▶ REQUIRED WORK
For this exercise, repeat exactly the lines below starting at the line holding "建筑方面,训练设施推荐草场(速度+++/" and ending at the line holding "7、双击当前图层缩略图,调出", both included, with no extra lines and no pictures.

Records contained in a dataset
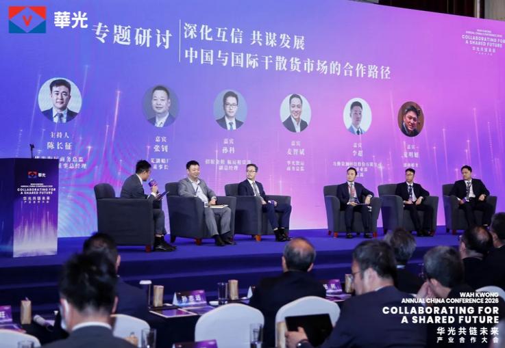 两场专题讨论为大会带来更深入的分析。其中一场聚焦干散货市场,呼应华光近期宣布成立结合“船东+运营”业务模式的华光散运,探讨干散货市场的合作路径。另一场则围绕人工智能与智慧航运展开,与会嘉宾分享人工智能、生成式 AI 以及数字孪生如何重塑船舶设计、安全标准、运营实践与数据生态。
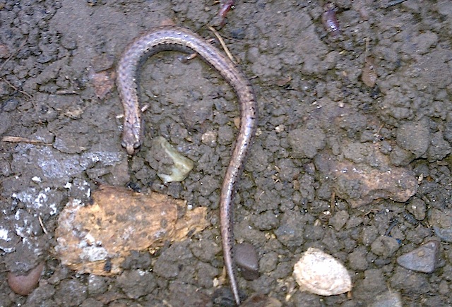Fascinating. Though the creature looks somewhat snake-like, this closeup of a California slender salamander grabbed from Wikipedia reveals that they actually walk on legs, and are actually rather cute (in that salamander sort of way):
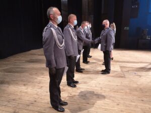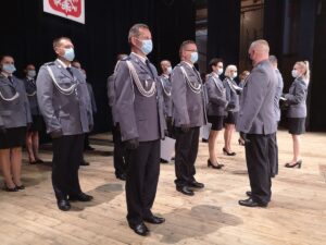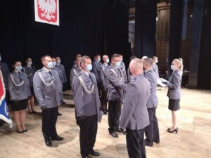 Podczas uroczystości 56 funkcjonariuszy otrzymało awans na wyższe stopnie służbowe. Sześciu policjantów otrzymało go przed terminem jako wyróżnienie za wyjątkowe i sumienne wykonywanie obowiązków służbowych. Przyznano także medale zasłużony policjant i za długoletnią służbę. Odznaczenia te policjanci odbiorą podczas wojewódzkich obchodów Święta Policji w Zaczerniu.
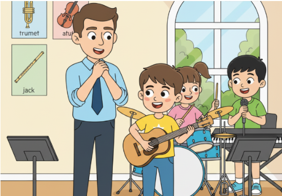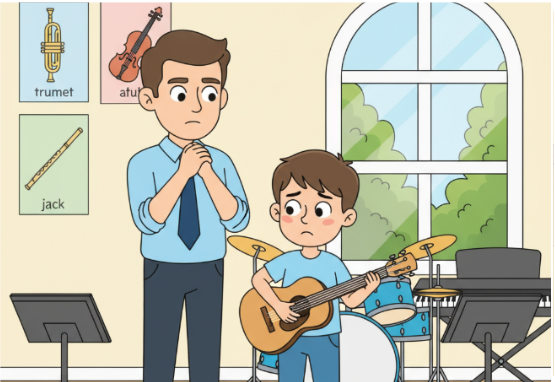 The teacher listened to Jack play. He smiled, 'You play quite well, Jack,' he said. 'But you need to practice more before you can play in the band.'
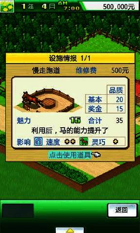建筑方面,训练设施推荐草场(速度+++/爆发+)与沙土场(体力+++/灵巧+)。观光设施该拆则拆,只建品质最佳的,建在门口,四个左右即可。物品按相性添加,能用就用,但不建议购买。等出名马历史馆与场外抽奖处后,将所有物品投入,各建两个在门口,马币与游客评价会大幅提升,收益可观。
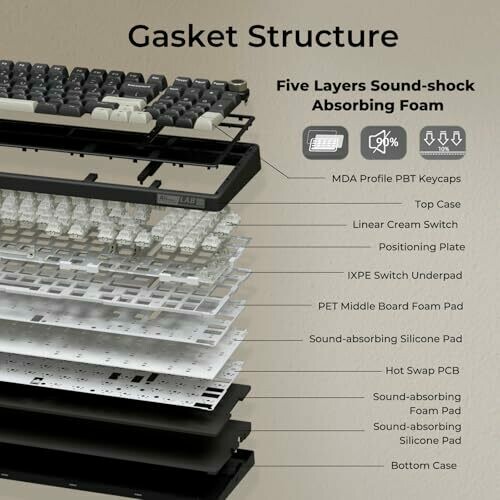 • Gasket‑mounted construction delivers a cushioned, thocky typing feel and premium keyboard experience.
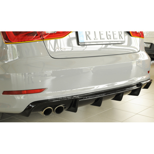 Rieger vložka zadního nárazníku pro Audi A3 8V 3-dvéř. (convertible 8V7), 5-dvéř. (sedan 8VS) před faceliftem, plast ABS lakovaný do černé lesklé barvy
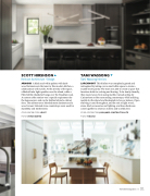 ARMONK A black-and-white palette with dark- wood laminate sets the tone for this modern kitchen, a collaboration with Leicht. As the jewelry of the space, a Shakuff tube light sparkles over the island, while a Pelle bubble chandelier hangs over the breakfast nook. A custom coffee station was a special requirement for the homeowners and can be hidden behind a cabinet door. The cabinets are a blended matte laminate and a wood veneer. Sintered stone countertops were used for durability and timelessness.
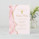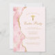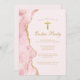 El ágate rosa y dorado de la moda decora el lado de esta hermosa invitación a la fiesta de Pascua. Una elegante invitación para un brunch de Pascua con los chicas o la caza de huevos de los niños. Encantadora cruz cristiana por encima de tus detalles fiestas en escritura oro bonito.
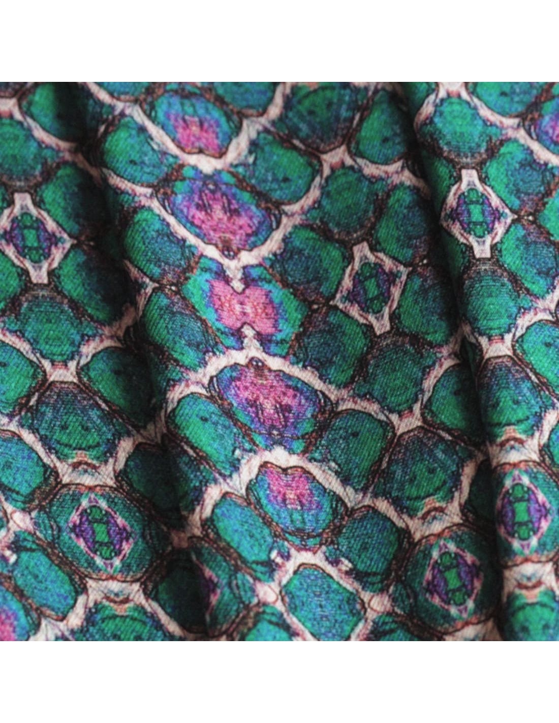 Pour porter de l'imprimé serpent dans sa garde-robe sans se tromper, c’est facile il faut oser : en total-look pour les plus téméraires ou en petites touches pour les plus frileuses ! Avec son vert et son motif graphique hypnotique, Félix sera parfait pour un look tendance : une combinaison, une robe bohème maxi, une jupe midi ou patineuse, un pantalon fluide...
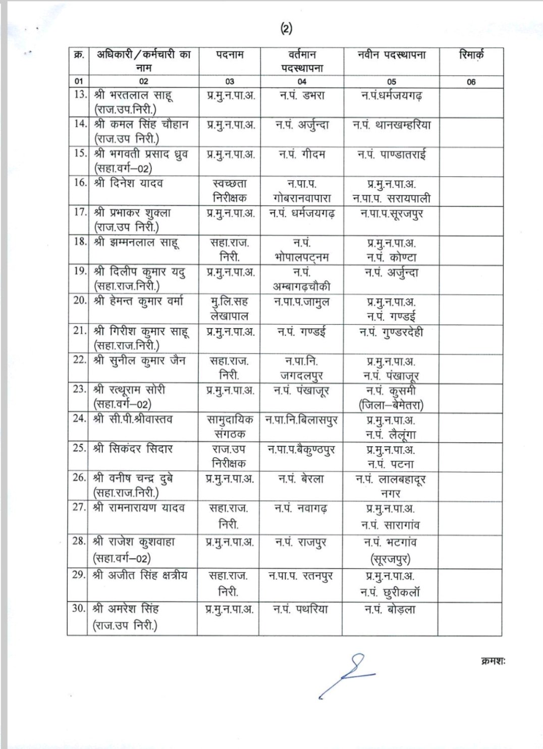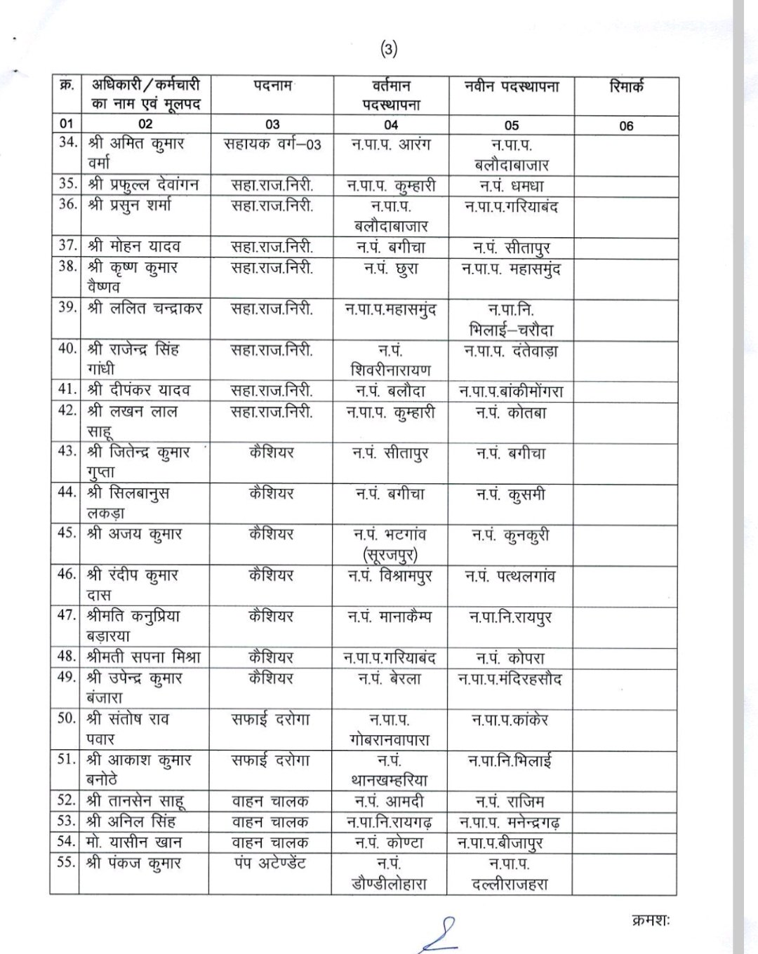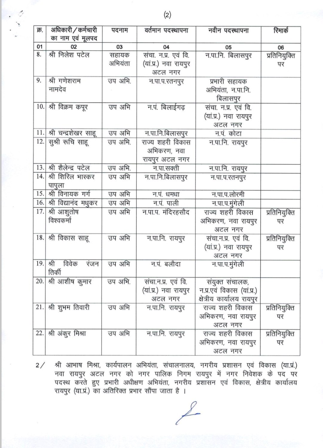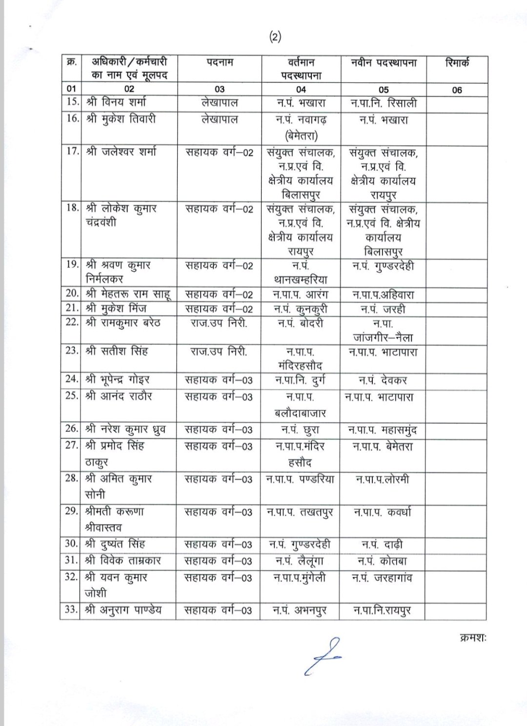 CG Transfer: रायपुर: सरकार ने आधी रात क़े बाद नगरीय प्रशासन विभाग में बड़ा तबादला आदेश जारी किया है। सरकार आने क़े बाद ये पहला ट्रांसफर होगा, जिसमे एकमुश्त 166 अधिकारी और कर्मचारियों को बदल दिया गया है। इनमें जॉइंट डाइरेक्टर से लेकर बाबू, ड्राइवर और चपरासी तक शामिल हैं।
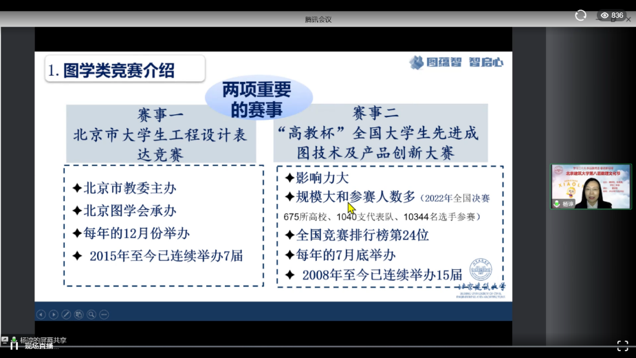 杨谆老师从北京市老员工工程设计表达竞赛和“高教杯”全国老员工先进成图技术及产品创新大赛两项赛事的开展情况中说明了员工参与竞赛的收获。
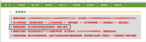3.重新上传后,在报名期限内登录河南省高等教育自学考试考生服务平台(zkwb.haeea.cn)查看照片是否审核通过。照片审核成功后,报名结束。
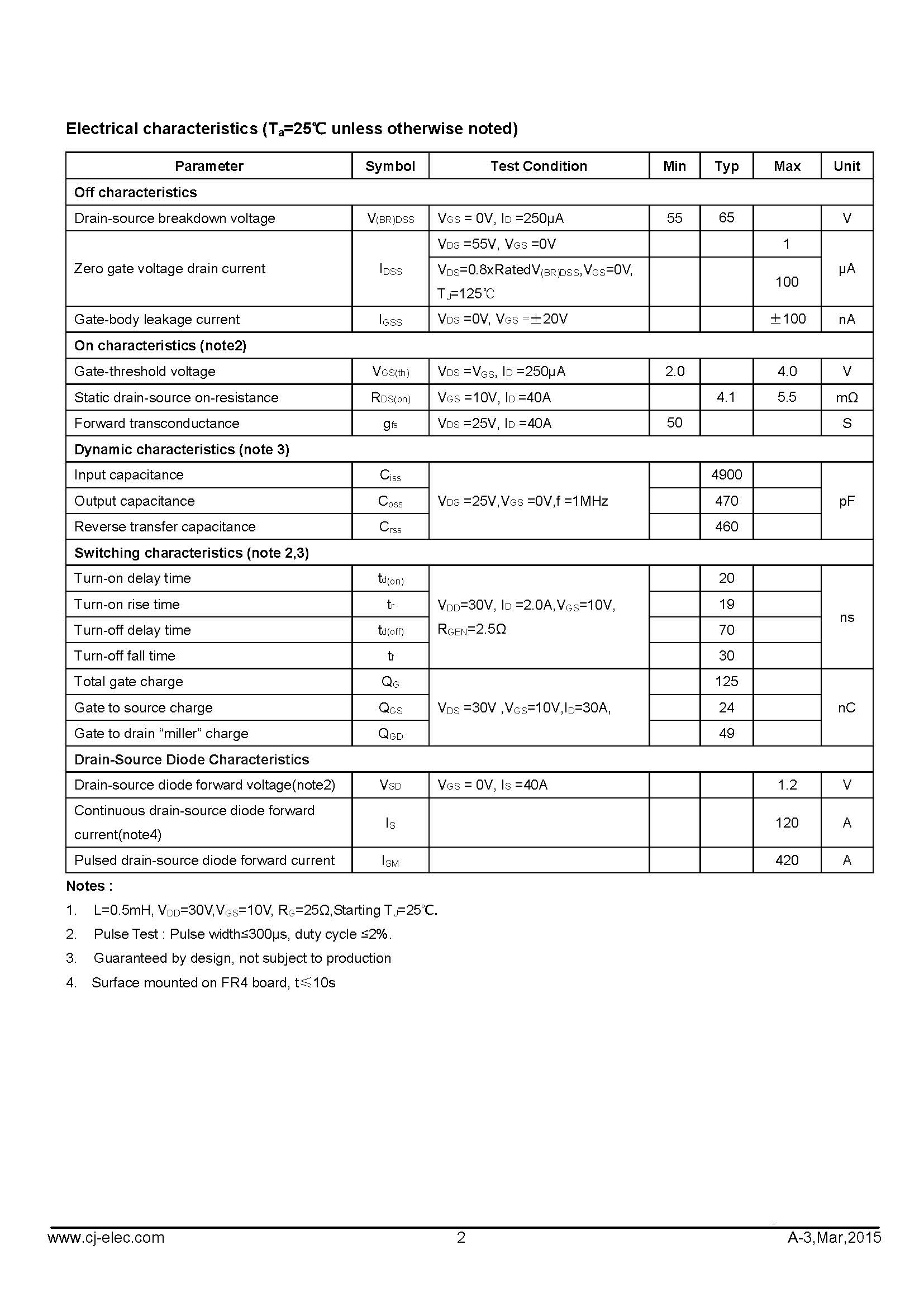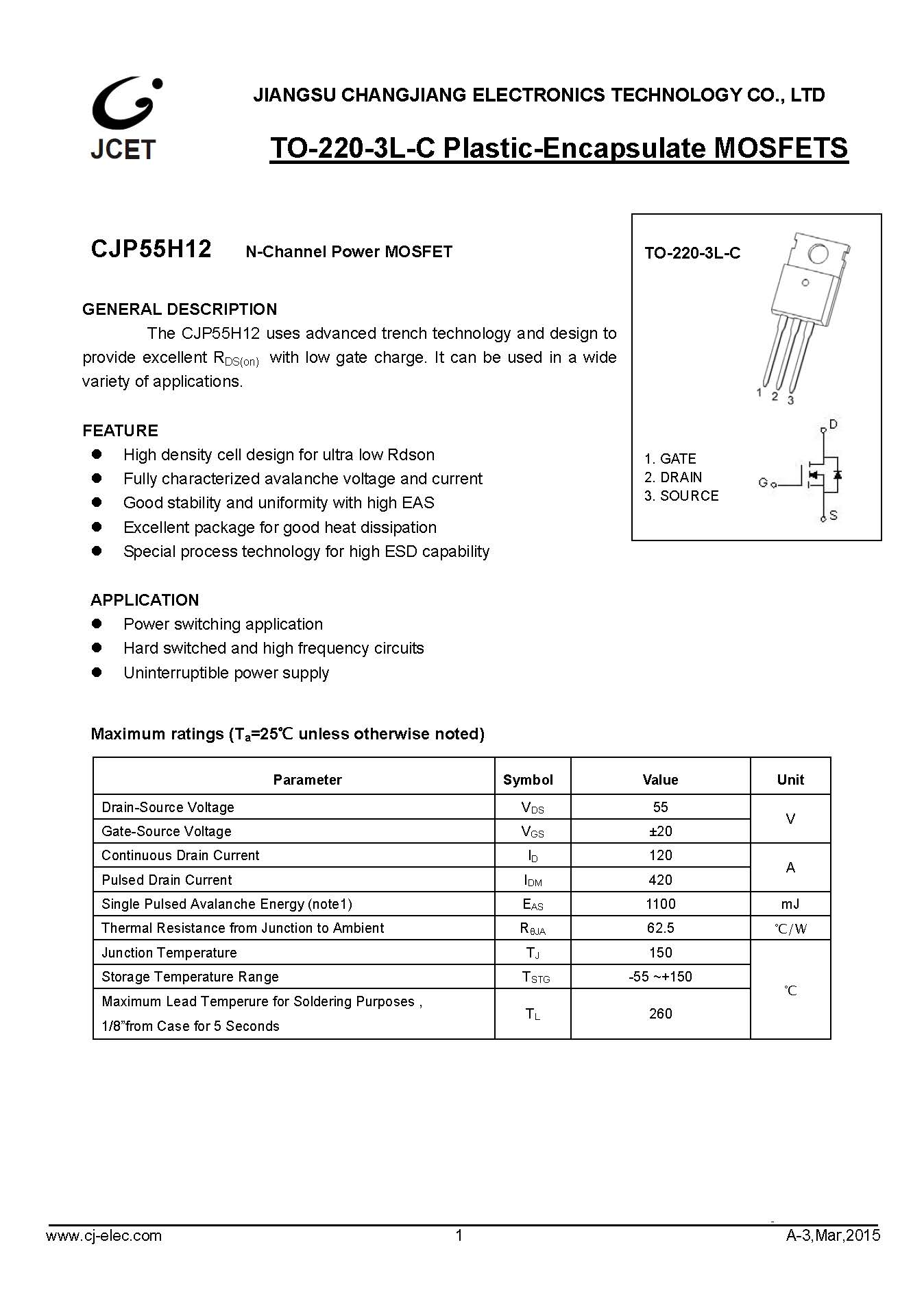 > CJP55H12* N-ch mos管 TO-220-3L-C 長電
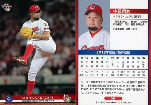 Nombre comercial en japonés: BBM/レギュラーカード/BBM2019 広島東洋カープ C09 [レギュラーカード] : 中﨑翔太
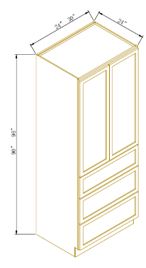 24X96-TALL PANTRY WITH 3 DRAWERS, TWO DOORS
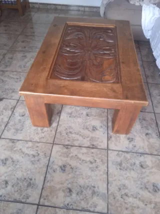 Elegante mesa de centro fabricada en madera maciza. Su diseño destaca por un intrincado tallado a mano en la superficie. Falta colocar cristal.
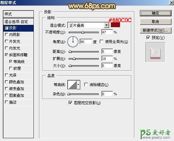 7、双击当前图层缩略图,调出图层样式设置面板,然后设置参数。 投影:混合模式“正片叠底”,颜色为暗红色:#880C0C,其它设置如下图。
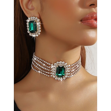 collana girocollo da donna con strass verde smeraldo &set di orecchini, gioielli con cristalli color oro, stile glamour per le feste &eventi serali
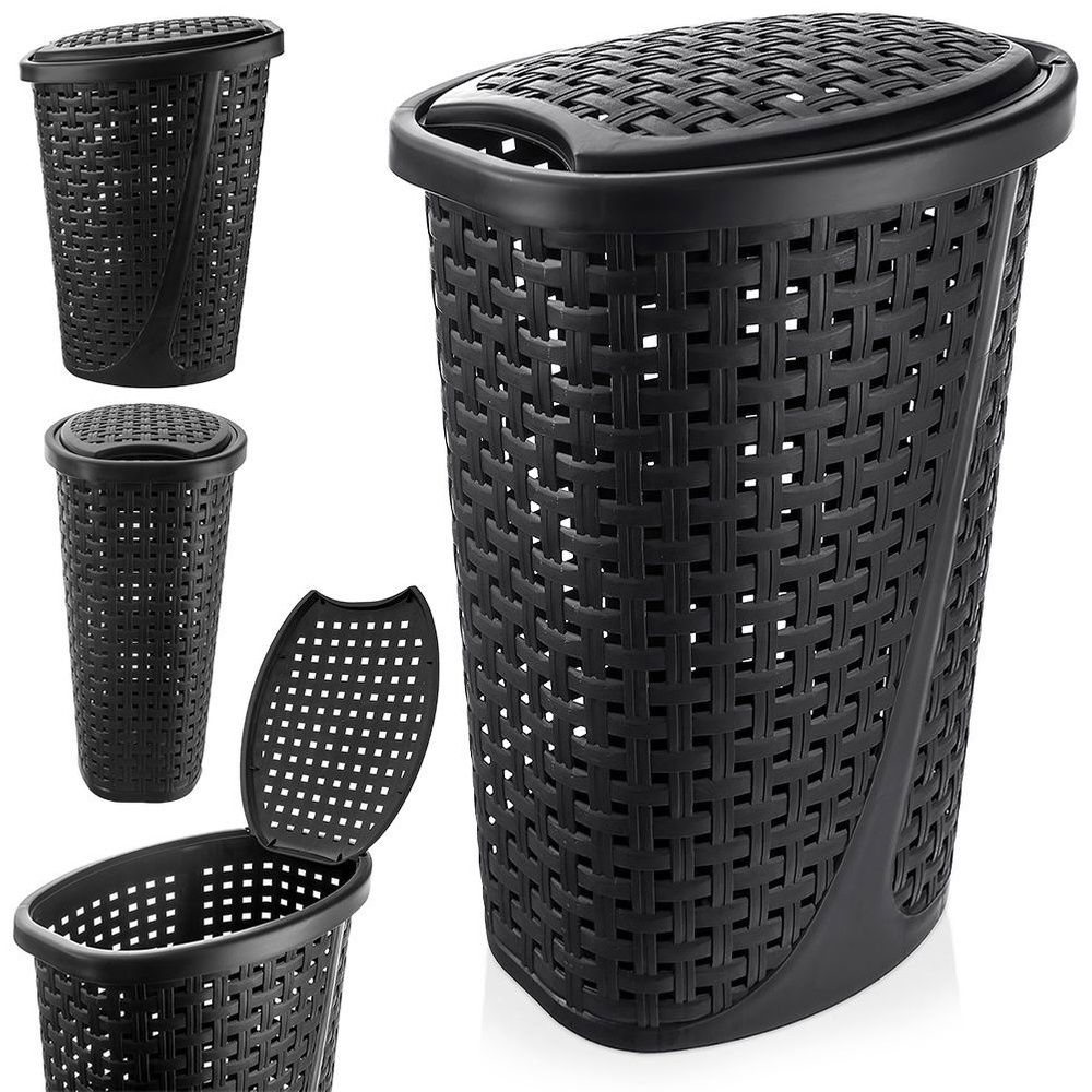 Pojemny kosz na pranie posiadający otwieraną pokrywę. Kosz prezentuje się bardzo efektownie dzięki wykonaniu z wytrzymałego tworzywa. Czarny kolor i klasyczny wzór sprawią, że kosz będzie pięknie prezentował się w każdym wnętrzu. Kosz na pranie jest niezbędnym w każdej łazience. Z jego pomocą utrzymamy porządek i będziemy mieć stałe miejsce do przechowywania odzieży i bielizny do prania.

▶ RESPONSE
建筑方面,训练设施推荐草场(速度+++/爆发+)与沙土场(体力+++/灵巧+)。观光设施该拆则拆,只建品质最佳的,建在门口,四个左右即可。物品按相性添加,能用就用,但不建议购买。等出名马历史馆与场外抽奖处后,将所有物品投入,各建两个在门口,马币与游客评价会大幅提升,收益可观。
 • Gasket‑mounted construction delivers a cushioned, thocky typing feel and premium keyboard experience.
 Rieger vložka zadního nárazníku pro Audi A3 8V 3-dvéř. (convertible 8V7), 5-dvéř. (sedan 8VS) před faceliftem, plast ABS lakovaný do černé lesklé barvy
 ARMONK A black-and-white palette with dark- wood laminate sets the tone for this modern kitchen, a collaboration with Leicht. As the jewelry of the space, a Shakuff tube light sparkles over the island, while a Pelle bubble chandelier hangs over the breakfast nook. A custom coffee station was a special requirement for the homeowners and can be hidden behind a cabinet door. The cabinets are a blended matte laminate and a wood veneer. Sintered stone countertops were used for durability and timelessness.
 El ágate rosa y dorado de la moda decora el lado de esta hermosa invitación a la fiesta de Pascua. Una elegante invitación para un brunch de Pascua con los chicas o la caza de huevos de los niños. Encantadora cruz cristiana por encima de tus detalles fiestas en escritura oro bonito.
 Pour porter de l'imprimé serpent dans sa garde-robe sans se tromper, c’est facile il faut oser : en total-look pour les plus téméraires ou en petites touches pour les plus frileuses ! Avec son vert et son motif graphique hypnotique, Félix sera parfait pour un look tendance : une combinaison, une robe bohème maxi, une jupe midi ou patineuse, un pantalon fluide...
 CG Transfer: रायपुर: सरकार ने आधी रात क़े बाद नगरीय प्रशासन विभाग में बड़ा तबादला आदेश जारी किया है। सरकार आने क़े बाद ये पहला ट्रांसफर होगा, जिसमे एकमुश्त 166 अधिकारी और कर्मचारियों को बदल दिया गया है। इनमें जॉइंट डाइरेक्टर से लेकर बाबू, ड्राइवर और चपरासी तक शामिल हैं।
 杨谆老师从北京市老员工工程设计表达竞赛和“高教杯”全国老员工先进成图技术及产品创新大赛两项赛事的开展情况中说明了员工参与竞赛的收获。
3.重新上传后,在报名期限内登录河南省高等教育自学考试考生服务平台(zkwb.haeea.cn)查看照片是否审核通过。照片审核成功后,报名结束。
 > CJP55H12* N-ch mos管 TO-220-3L-C 長電
 Nombre comercial en japonés: BBM/レギュラーカード/BBM2019 広島東洋カープ C09 [レギュラーカード] : 中﨑翔太
 24X96-TALL PANTRY WITH 3 DRAWERS, TWO DOORS
 Elegante mesa de centro fabricada en madera maciza. Su diseño destaca por un intrincado tallado a mano en la superficie. Falta colocar cristal.
 7、双击当前图层缩略图,调出图层样式设置面板,然后设置参数。 投影:混合模式“正片叠底”,颜色为暗红色:#880C0C,其它设置如下图。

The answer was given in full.